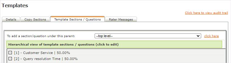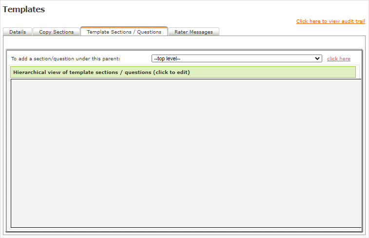 Step 3: Select the "click here" option to add Template Sections/Questions
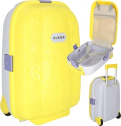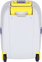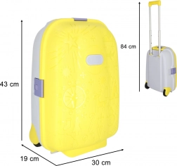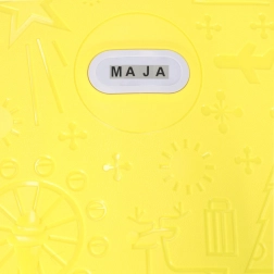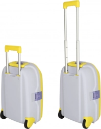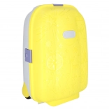 Lekka i wytrzymała dziecięca walizka kabinowa z dwoma kółkami i wysuwanym uchwytem dla wygodnego podróżowania. Oferuje dużą pojemność dzięki dwóm komorom, świecące kółka LED dla lepszej widoczności i zabawy oraz możliwość oznaczenia imieniem za pomocą naklejek. Jasny żółty kolor i radosne tłoczone motywy zachwycą każdego małego podróżnika.
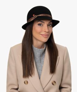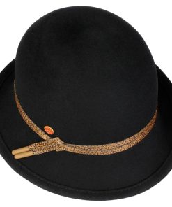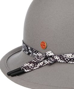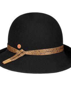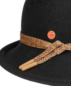 Mit seiner eleganten und modischen Ausstrahlung, ist dieser Glockenhut aus Wollfilz ein feminines Highlight. Seine runde Krone kombiniert mit einer asymmetrisch geformten Krempe verleiht jedem Outfit das gewisse Etwas. Das einfarbige Design wird durch ein gemustertes Garniturband abgerundet, welches doppelt um die Krone geschlungen und lässig zusammengebunden wurde. Für den perfekten Halt sorgt zudem das integrierte Stretchfutterband. Ein in der EU hergestelltes Produkt von hoher Qualität.
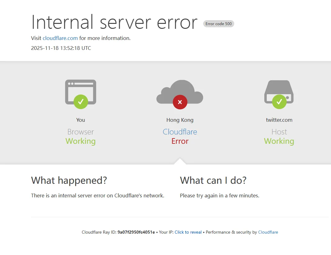 北京时间11月18日晚间19点起,全球知名服务器托管商Cloudflare出现大规模异常。大量依赖其服务的网站和应用在短时间内无法正常访问,用户普遍遇到“Internal Server Error 500”提示。此次事件波及范围广泛,涉及社交平台、游戏服务以及部分科技媒体站点。

┄┄┄┄┄┄

=== Work order ===
Exact repetition of the material above is required, with the images removed.

=== Written reply ===
 Step 3: Select the "click here" option to add Template Sections/Questions
 Lekka i wytrzymała dziecięca walizka kabinowa z dwoma kółkami i wysuwanym uchwytem dla wygodnego podróżowania. Oferuje dużą pojemność dzięki dwóm komorom, świecące kółka LED dla lepszej widoczności i zabawy oraz możliwość oznaczenia imieniem za pomocą naklejek. Jasny żółty kolor i radosne tłoczone motywy zachwycą każdego małego podróżnika.
 Mit seiner eleganten und modischen Ausstrahlung, ist dieser Glockenhut aus Wollfilz ein feminines Highlight. Seine runde Krone kombiniert mit einer asymmetrisch geformten Krempe verleiht jedem Outfit das gewisse Etwas. Das einfarbige Design wird durch ein gemustertes Garniturband abgerundet, welches doppelt um die Krone geschlungen und lässig zusammengebunden wurde. Für den perfekten Halt sorgt zudem das integrierte Stretchfutterband. Ein in der EU hergestelltes Produkt von hoher Qualität.
 北京时间11月18日晚间19点起,全球知名服务器托管商Cloudflare出现大规模异常。大量依赖其服务的网站和应用在短时间内无法正常访问,用户普遍遇到“Internal Server Error 500”提示。此次事件波及范围广泛,涉及社交平台、游戏服务以及部分科技媒体站点。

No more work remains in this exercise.